I've lived here in Norwich for over three decades ('feels a LOT longer,' say many of my neighbors), which, for many people I meet, is no more than an eye blink, or so it seems. I've heard a lot of those 'back in the day' stories about Franklin Square, the sea captains who built houses on Laurel Hill, the Sears and Roebuck store that was downtown, and Thursday nights so hectic in the center of The Rose City that small children clung tightly to a parent's hand lest they find themselves in the street and lost in the throng.
These stories, if you will, always have a sepia tinge to them, at least to me, and a soft focus in terms of detail. They make me smile because they always bring a smile to the face of the person telling me the tale. And then, of course, we end up in the present day and no one seems to know what happened, how, or why to Norwich.

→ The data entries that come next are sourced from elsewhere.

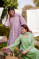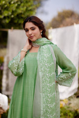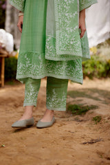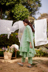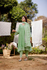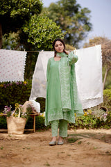 GREEN CALLA LILY-set of 3 ( A-line kurta, pant & dupatta) - Naaz By Noor
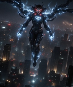 Superwoman, her entire body intricately modified with mechanical enhancements, hovers above the bustling skyline of New York City. Her metallic limbs and glowing red eyes contrast sharply against the night sky, casting eerie shadows upon the skyscrapers below. A fusion of advanced technology and classic superhero aesthetics, this figure exudes a sense of awe and unease. The composition of this picture is dynamic with Superman in the center, while the cityscape forms an intricate backdrop. The perspective structure is aerial, capturing the vastness of New York from above. Her mechanical enhancements include robotic wings that enable flight and glowing blue energy emanating from her chest, reminiscent of a high-tech Kryptonian power source. The scene is set during twilight, with soft ambient light reflecting off the city's buildings and creating a dramatic interplay between light and shadow. In this moment, Superman's primary action involves a subtle but powerful gesture – one arm extended towards a distant horizon, symbolizing his protection over humanity despite his altered form. This scene evokes feelings of both admiration and fear, inviting viewers to ponder the future direction of superhero legends in an increasingly technological world. The painting style is inspired by cyberpunk aesthetics with dark tones and vivid neon accents, paying homage to artists such as Syd Mead and H.R. Giger while also drawing from contemporary digital art trends seen on platforms like Pinterest and MidJourney. The overall effect aims to be visually stunning and thought-provoking, blending classic superhero imagery with futuristic technology in a way that is both beautiful and unsettling.,large natural breast,soft breasts,dlrb,qihuanmopan,hkgod,mohuan,huge Breasts,cleavage
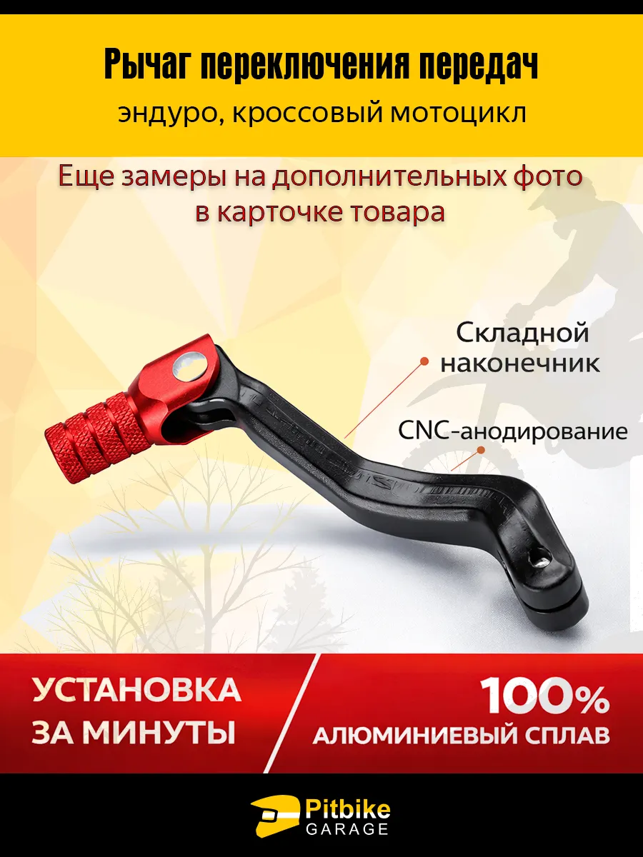 Рабочая поверхность рычага обработана методом CNC, что гарантирует точную геометрию, идеальную посадку и стабильную работу механизма переключения передач. Анодированное покрытие защищает алюминий от коррозии, окисления и механического износа, а также придает изделию аккуратный внешний вид. Черное основание и красный наконечник визуально подчеркивают спортивный характер мотоцикла.
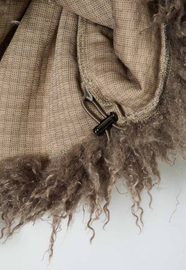 裾にドローコードを通しているので、ドローコードの絞り具合でシルエットの変化が楽しめる、コーディネートの主役級アイテムです。
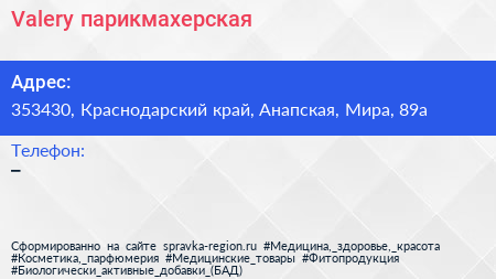 Valery, парикмахерская по адресу 353430, Краснодарский край, Анапская, Мира, 89а в дальнейшем Организация, размещена в следующих категориях:
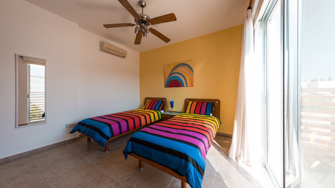 This floor accommodates the 3 further bedrooms within the villa. To the right of the stairs you will find another separate bathroom for use by the 2 twin rooms (can be doubles). There is a small balcony with a contrasting wooden surround which will allow you to enjoy the morning sunshine with views of the mountains or the cool shade of the day in some peace & quiet. Next to this is the first of the twin bedrooms offering colour and bright space with again full length wardrobes for your belongings.
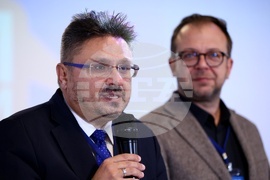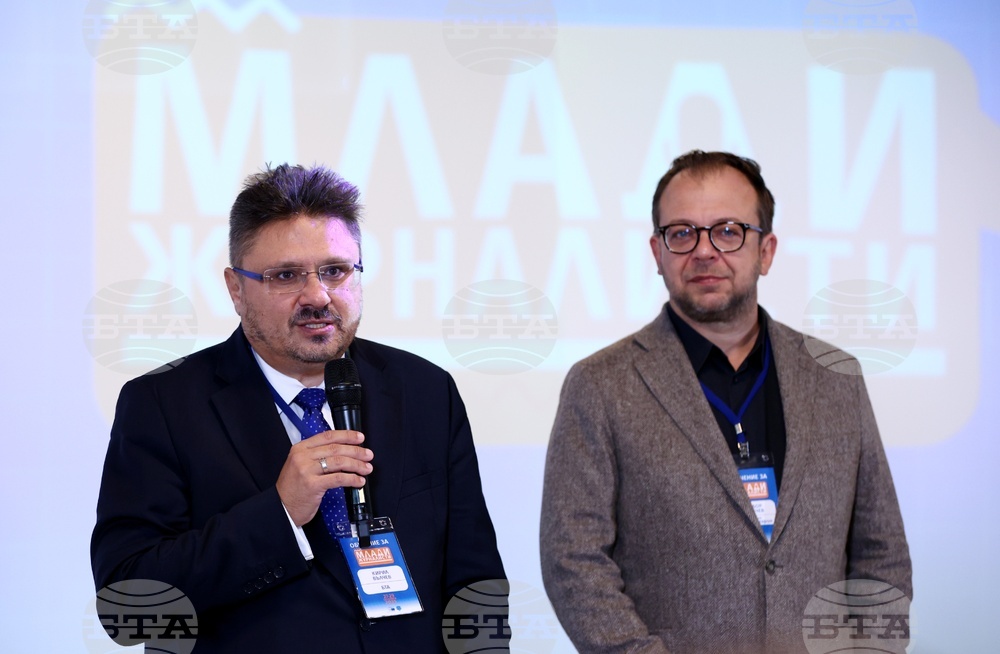 София (27 октомври 2025) Обучение за млади журналисти от националните и регионалните медии в България, организирано от Българската телеграфна агенция (БТА) в партньорство с Европейския парламент (ЕП), се провежда в зала „МаксиМ“ на БТА. Представяне на проекта, подробности за програмата на обучението и насоки за практическите задачи. На снимката (от ляво надясно): генералният директор на БТА Кирил Вълчев и ръководителят на Бюрото на ЕП в България Теодор Стойчев.

Apparently, people woke up, and downtown was a ghost town; the stores were all gone and so, too, were the people who shopped in them. Might I suggest that evolution and growth involve progress and planning; one of which is relentless and inexorable and the other conspicuous in its absence.
My Norwich history starts (and stays) a little more black and white, with extreme contrast and hard shadows, coming over the Laurel Hill Bridge into a downtown with plywood for windows and not a soul on the sidewalks in the middle of October of 1991.
That was the year of the petition drives at the local supermarkets to 'Keep the Boat Afloat' as Electric Boat faced massive layoffs after the Seawolf submarine construction cutbacks. The same region that had no plan for the post-World War II migration of the textile mills to the Deep South had no clue what to do with the Peace Dividend either.
And three-plus-decades later, what are we still discussing? The same old, same old.
We all realize, or should, that Eisenhower isn't still the President and that your father's advice about never paying more than $15,000 for a house without a basement won't even get you a good used car but we're hobbled by our past, even when we weren't here to live it or remember it. Instead of it being a step on the ladder to tomorrow, it's a hurdle on the steeple chase we've made of our lives.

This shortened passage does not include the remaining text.